Closed clamor closed 6 years ago
Which is the exact content type and/or with encoding/charset of the affected document (facet "content type" in meta data or in sidebar on preview or in Solr content_type_ss)?
Would make debugging easier, since my first test on Debian with UTF-8 runned without problems. I'll test tomorrow on Ubuntu again but would like to try with same content type/encoding/charset.
solr says: "content_type_ss":["application/pdf"]
I gave debian a try, but it shows the same behaviour on debian/stretch64. Btw.
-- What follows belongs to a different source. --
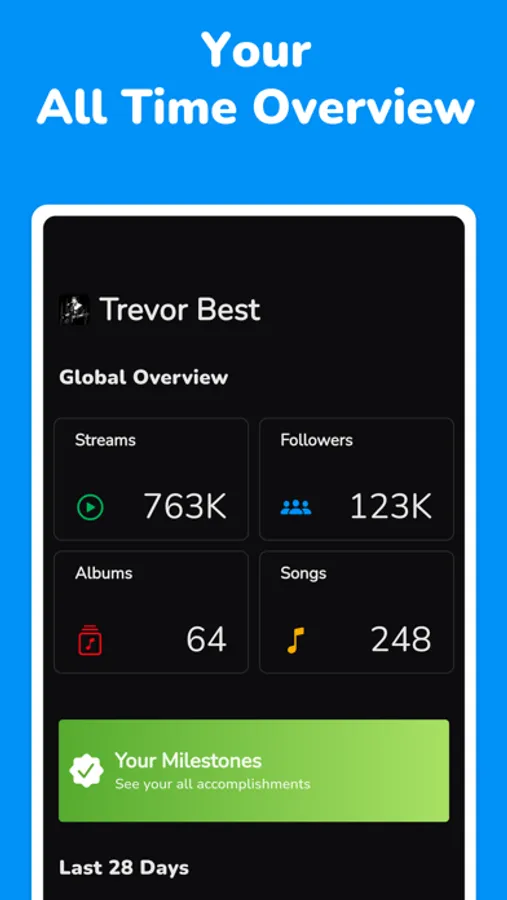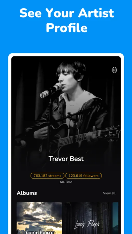 • View your real time statistics about you, your albums and songs.

OS locale is LANG=en_US.UTF-8 LC_CTYPE="en_US.UTF-8".
If it helps, I can send the Document I used via private mail.
Would help a lot, if not sensitive, you can attach it in email to info@opensemanticsearch.org or send your email-address to this one for reply with PGP key.
Thanks, helped a lot, since was not a problem with umlaut, but both entities with the umlaut had special chars around, like paraphrases or comma, so the whitespace tokenizer made "Firstname Lastname" to the words/tokens token "Firstname and token Lastname" or a comma after Name which was not token Name but token Name, and for the index a other word/token than Name ...
Solved by change to StandardTokenizerFactory which filters special chars like paraphrases or punctuation by https://github.com/opensemanticsearch/open-semantic-entity-search-api/commit/5b230853e31fd4a747489ddc4a873ee33b1eb70a
Will release new packages with rebuild of the schema of index of entities to use the new tokenizer tomorrow.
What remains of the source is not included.